In his dark loafers and college sweat suit, he stand up there twinkling his innocent little sweet-boy smile. The audience goes crazy.
“Oh, no!” Brenda is up on her feet. “No. No. No.”
“What’s the matter Mommy?” Zeke asks.
“It’s not fair. Not FAIR!”
“Who is that man, Mommy? Why are they yelling?”
“It’s Bill Cosby, you fool,” Sheba says. “Don’t you know anything?”
“Who’s that?”
“A very famous person, honey,” his mother says.
Yes, indeed, it’s America’s black darling – of the previous generation. The Black generation, not the African American generation. Actually, Bill Cosby came of age in the Negro generation, but we don’t talk about that anymore.
He’s grizzled, but game.
The lips curl in a naughty curve. “I’m usually speaking to men,” he says. “Not nearly so pleasant.”
The ladies titter.
“I’m usually bawling them out. About being bad daddies. Now, I look around at this crowd; I know there are no bad daddies here. No daddies of any kind. It’s a pity that the poppas don’t take to flowers the way the mommas do. Gardens keep people at home.
“But I’m not here to yell at anybody today. I’m here to tell you pretty ladies you’re doing a fine job, and I want you to keep it up. Keep on raggin’ those men. Make ’em take out the de garbage, keep de lawn mowed. It’s good for them. Good for their souls.
“My message isn’t about men, or women, it’s about people. It’s about persons. It’s about personal responsibility. That means more than keeping your hair combed and your nails in polish.” He smiles. It warms the cockles of their hearts.
“It means taking care of your portion of the world. Now I don’t see too many black ladies here – a few, but not many. And maybe that’s because not many black people have a portion of the world.
“Black people have settled for something else. Being taken care of by the government. How different is that from being taken care of by the plantation owner?
“Black people have to get over the notion they’ve got a free ride. They’ve got to take their place in society. Take personal responsibility for the feeding, the clothing and the sheltering of themselves and their children.

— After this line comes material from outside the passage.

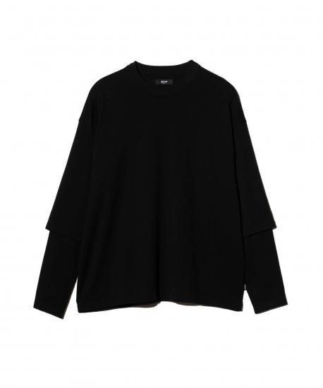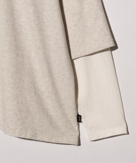 今春掲げるテーマ“Shadow of the Wind”の世界観をレイヤードスタイルに反映するBlow Layered Cutsew。フェイクレイヤードヴィジュアルはglambの得意とするディテールながら、本作ならではのディテールは7分袖のパーツ内側に配されたタブ。今季展開するストラップシリーズ“Blow”(*)を取り付けることが可能となっております。シルエットはドロップショルダーとワイドなフィッティングをかけ合わせたビッグシルエット。国内生産で作り上げた、程よい光沢としなやかな風合いを備えた40/2コーマ天竺のテキスタイルが上質な佇まいをもたらします。

“So why am I bothering you about it? You made your donation to the NAACP. You voted for Obama. You gave the black man a leg up. Well, ladies, now you’ve got to give him something to stand on.

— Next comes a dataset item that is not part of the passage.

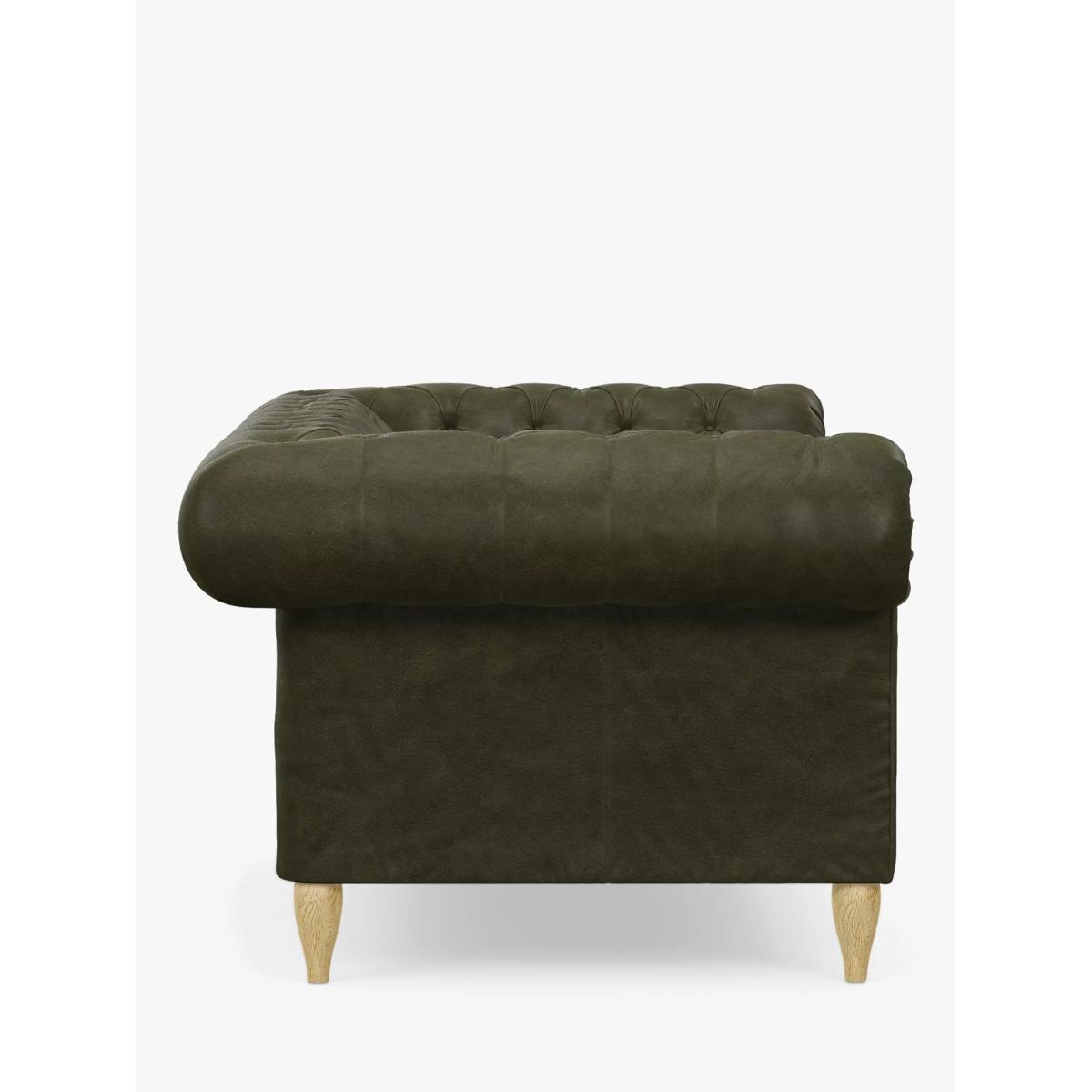 Product Information The Cromwell range has a classic Chesterfield style, with rolled arms and deep, hand pleated buttoned back. Design details Generous scroll arms Sprung seat with sumptuous fibre filling Hardwood legs Designer's notesCromwell is an authentic interpretation of the classic and timeless Chesterfield design, showcasing hand craftsmanship and traditional upholstery. Foam free cushionsThis product has a fibre seat interior sourced from the highest quality recycled content. You will notice that within the first couple of days of use in your home, the seats of your furniture will ‘flatten down’. This is quite normal and after a short time your furniture will have that luxurious ‘lived-in’ appearance. We recommend that the seat cushions are ‘plumped up’ daily. Medium: Striking a balance between support and comfort, this range has a medium comfort rating. With a structured designed to help retain shape, these sofa cushions retain more of their shape when sat on, and require less plumping. As leather is a natural product, there are natural characteristics on each leather hide used to make our sofas. These could be things like brand marks, insect bites or wrinkles. A large sofa could be made with as many as four hides so there may also be some slight colour variation, however we have strict guidelines to make sure any noticeable marks aren't in a prominent place. These distinctive qualities also mean that no two pieces of leather furniture will be exactly the same. It's the little things We care about our furniture; how it's designed, the materials used and the people who make it. That's why every detail is carefully considered, with more than 20 quality checks, to ensure you're as proud of it as we are. Try before you buy We're confident in our furniture's quality, but it's always a good idea to check that it's a good personal fit for you. Measuring Up for Furniture Guide Sofas, Sofa Beds & Chairs Buying Guide Upholstery Care Guide

“An education. An education like you had. Like your own kids had. An education that leads to where your kids are going.
“Personal responsibility goes further than taking care of your family. And here’s why. The outside world affects you, affects your family.
“I know you ladies are Democrats. You’re here because the Republicans are the ones who own the big estates, who give jobs to gardeners, who grow beautiful flowers. Liberal ladies love flowers, and I love liberal ladies. Because they not only have hearts, they have heads. It’s time to vote for somebody who wants the same things you do, and is going to try to get them for you.
“My friend Mercy believes all God’s children should have the same opportunities. After that, it’s up to them. She wants them to be able to pick the school that will help them become the best that they can be. If they say that’s public school, so be it. But if they say it’s not, I repeat what this fine lady said, ‘Let my people go.’”
At first there is silence. Have they been reprimanded? Is this just the other end of the stick he’s using to beat up on black men?
But he’s still standing there, beaming out at them, his cheeks puffed with affection for his audience. This is Bill Cosby, who used to tell jokes about his family. They were always funny, never mean.
They remember Fat Albert. The applause starts low, undecided. Then it bursts from the women – a high, clacking clapping of little hands.
These are the women who Brenda counted as her sure votes. Women with gardens who go to garden clubs. Women who want to preserve the environment, who eat organic food, who send their children to the best schools. Women who take personal responsibility. They’re giving a standing ovation to a man they love, who is telling them to vote for the other candidate.